### Exercise aim:
An exact reproduction of the listing is wanted, with the pictures dropped.

### Material provided:

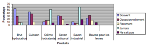 Une étude intéressante du CECI sur l’image de marque du karité en 2007 donne des informations sur la consommation malienne de karité. C’est le résultat d’une enquête dont la taille de l’échantillon était de 500 urbains (de Bamako et Sikasso).
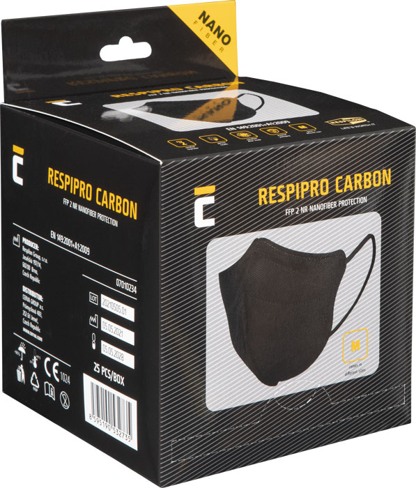 Antivirový nano respirátor FFP2 RespiPro Carbon zajišťuje díky nanovlákenné membráně záchyt virů, bakterií, prachu, smogu, pylu a al ergenů. Vrstva aktivního uhlí - carbonu eliminuje pachy. Respirátor má unikátní anatomický tvar, díky kterému perfektně padne na obličej a nedochází tak k nežádoucímu podsávání vzduchu. Ideální volba pro profesionály v povoláních, která kladou důraz na bezpečnost, jako jsou zdravotníci, záchranáři, hasiči, vojáci či policisté. Pro lepší přizpůsobení využijte plastovou sponu na sepnutí gumiček za hlavou, která je součástí balení. Dostupný ve dvou velikostech (M, L) a dvou baleních (3 kusy, 25 kusů).
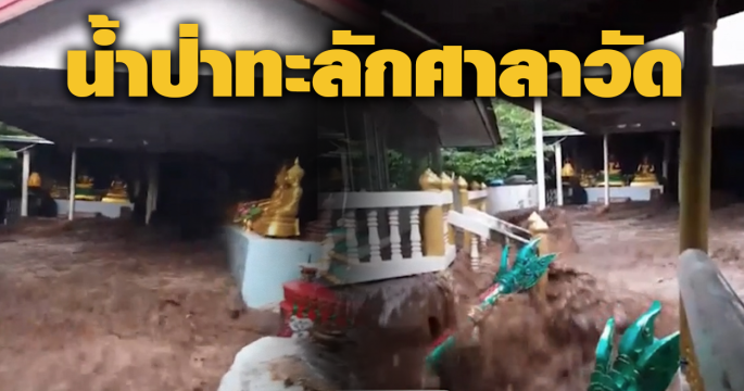 ฝนถล่มลพบุรี น้ำป่าจากเทือกเขาสูงในพื้นที่ไหลหลากทะลักวัดเขาจีนแล พัดสิ่งของปลิวกระจายไปตามกระแสน้ำ
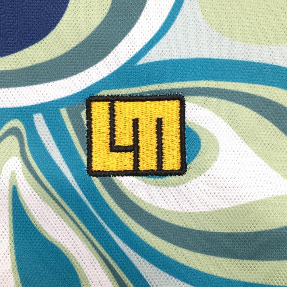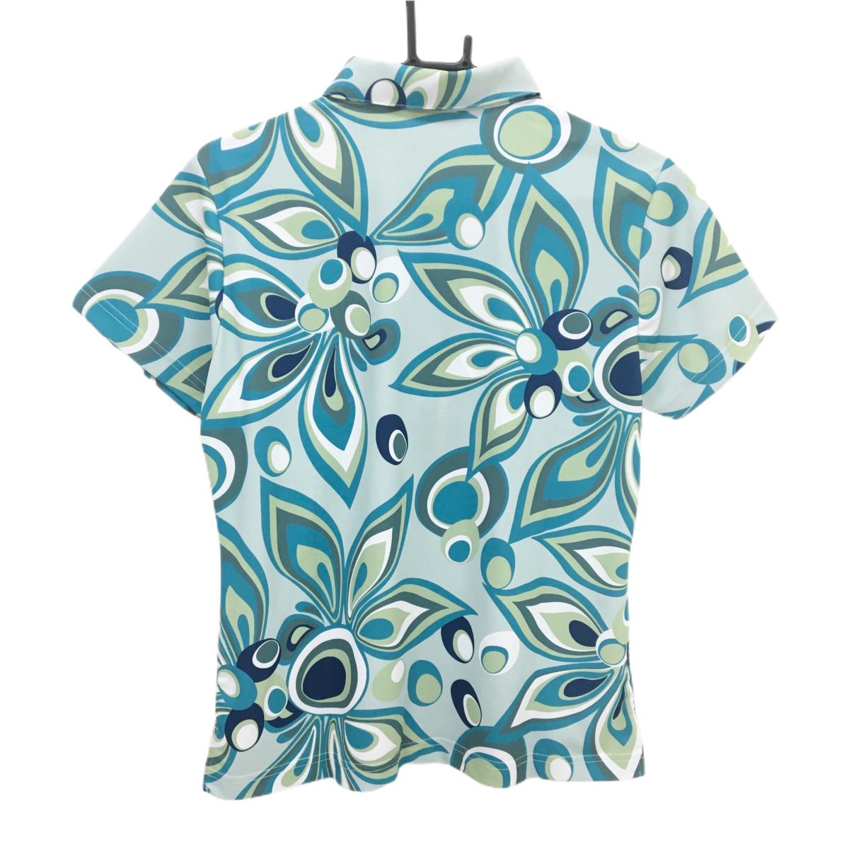 【新品】ラウドマウス 半袖ポロシャツ ライトブルー×ライトグリーン 総柄 ジャガデリック柄 レディース LL ゴルフウェア LOUDMOUTH

### Completed task:
 Une étude intéressante du CECI sur l’image de marque du karité en 2007 donne des informations sur la consommation malienne de karité. C’est le résultat d’une enquête dont la taille de l’échantillon était de 500 urbains (de Bamako et Sikasso).
 Antivirový nano respirátor FFP2 RespiPro Carbon zajišťuje díky nanovlákenné membráně záchyt virů, bakterií, prachu, smogu, pylu a al ergenů. Vrstva aktivního uhlí - carbonu eliminuje pachy. Respirátor má unikátní anatomický tvar, díky kterému perfektně padne na obličej a nedochází tak k nežádoucímu podsávání vzduchu. Ideální volba pro profesionály v povoláních, která kladou důraz na bezpečnost, jako jsou zdravotníci, záchranáři, hasiči, vojáci či policisté. Pro lepší přizpůsobení využijte plastovou sponu na sepnutí gumiček za hlavou, která je součástí balení. Dostupný ve dvou velikostech (M, L) a dvou baleních (3 kusy, 25 kusů).
 ฝนถล่มลพบุรี น้ำป่าจากเทือกเขาสูงในพื้นที่ไหลหลากทะลักวัดเขาจีนแล พัดสิ่งของปลิวกระจายไปตามกระแสน้ำ
 【新品】ラウドマウス 半袖ポロシャツ ライトブルー×ライトグリーン 総柄 ジャガデリック柄 レディース LL ゴルフウェア LOUDMOUTH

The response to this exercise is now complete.